Exercise brief -
All entries must come back exactly as given, with no pictures in the copy.

Saved data entries -
Segment Open

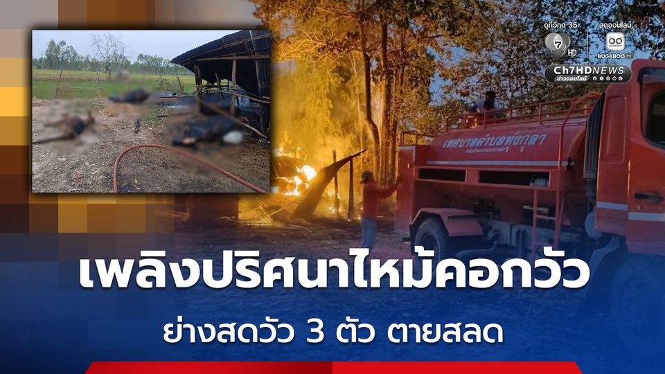 สลด เพลิงปริศนาไหม้คอกวัว ไฟครอกวัวตาย 3 ตัว ลูกวัวเพศเมียอายุ 3 เดือน รอด เพราะลอดคอกออกมาได้ เจ้าของมึนสาเหตุ ไม่มีไฟฟ้า ไม่ได้ก่อไฟ เกิดเพลิงไหม้ได้อย่างไร
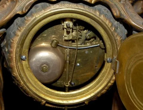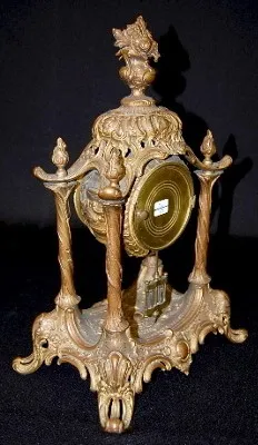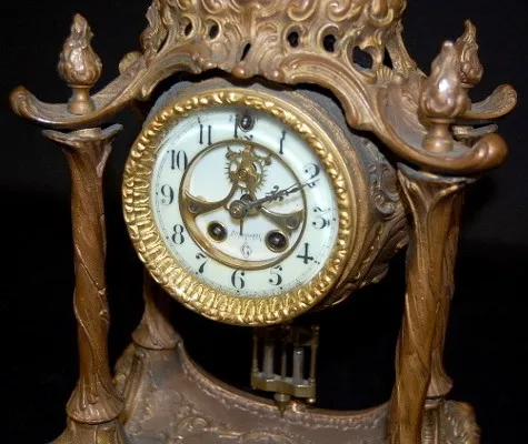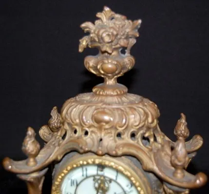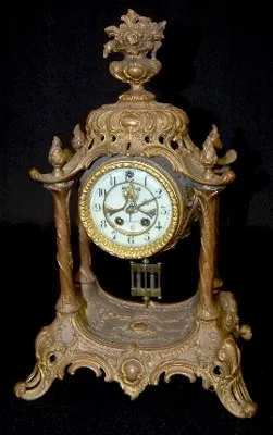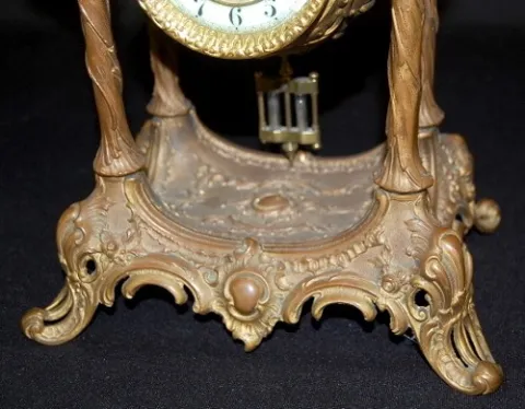 marked Gilbert double sunk porcelain dial; Arabic numerals; visible escapement; all metal case; movement marked Gilbert Clock Co. pat. 1896, 1902; has...
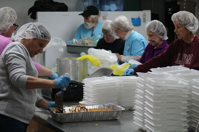 Each week, volunteers come together to cook, clean-up and pack homemade meals.
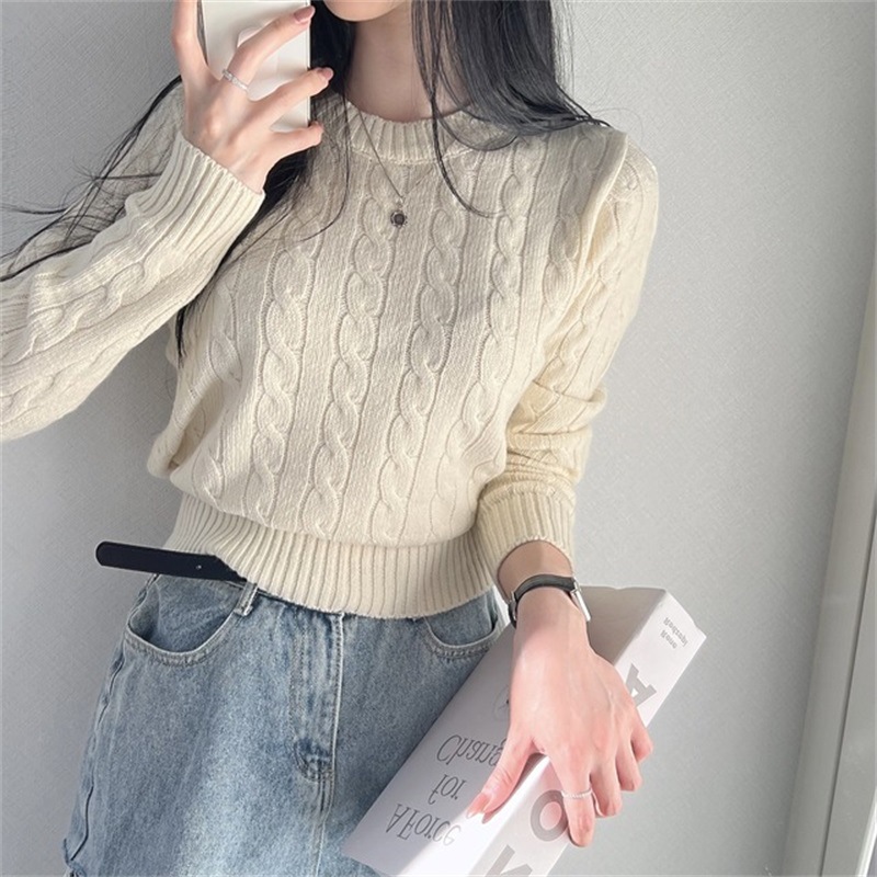 MILHEIR Short Cable-knit Sweater Long Sleeve
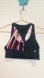 71% polyester, 29% spandex and the liner is 91% nylon and 9% elastic it is black with orange blue purple colors on the front and on the back. It has a really cool back part which has purple orange, pink and gray and purple.
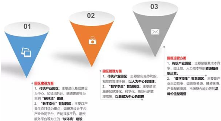 相对于传统产业园区,以数字化技术驱动的新产业园的建设运营将具有以下不同。
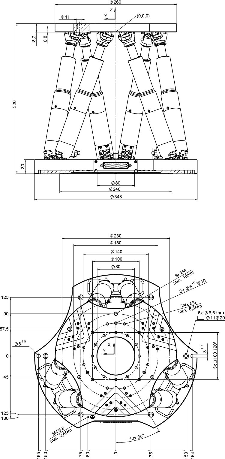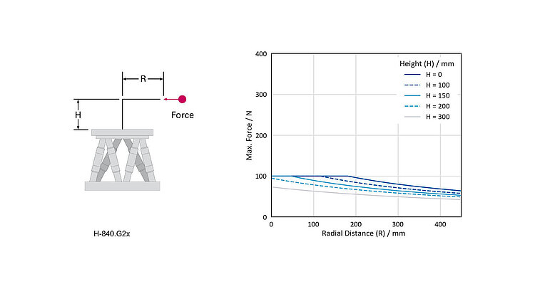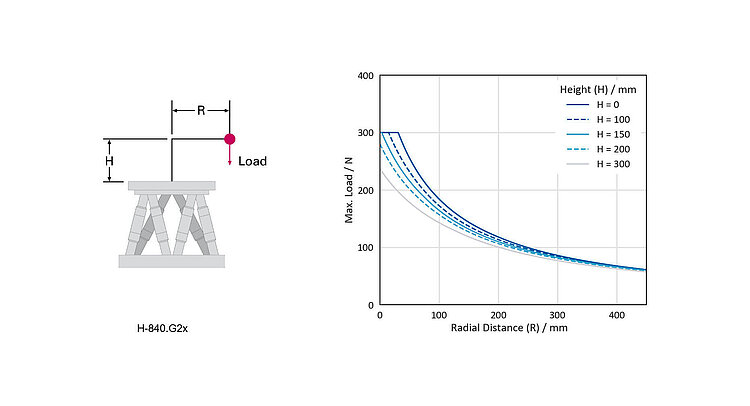 Precision hexapod; brushless DC gear motor; absolute encoder; 30 kg payload; 2.5 mm/s maximum velocity. Connecting cables are not included in the scope of delivery and must be ordered separately.

Segment Closed

Task output -
 สลด เพลิงปริศนาไหม้คอกวัว ไฟครอกวัวตาย 3 ตัว ลูกวัวเพศเมียอายุ 3 เดือน รอด เพราะลอดคอกออกมาได้ เจ้าของมึนสาเหตุ ไม่มีไฟฟ้า ไม่ได้ก่อไฟ เกิดเพลิงไหม้ได้อย่างไร
 marked Gilbert double sunk porcelain dial; Arabic numerals; visible escapement; all metal case; movement marked Gilbert Clock Co. pat. 1896, 1902; has...
 Each week, volunteers come together to cook, clean-up and pack homemade meals.
 MILHEIR Short Cable-knit Sweater Long Sleeve
 71% polyester, 29% spandex and the liner is 91% nylon and 9% elastic it is black with orange blue purple colors on the front and on the back. It has a really cool back part which has purple orange, pink and gray and purple.
 相对于传统产业园区,以数字化技术驱动的新产业园的建设运营将具有以下不同。
 Precision hexapod; brushless DC gear motor; absolute encoder; 30 kg payload; 2.5 mm/s maximum velocity. Connecting cables are not included in the scope of delivery and must be ordered separately.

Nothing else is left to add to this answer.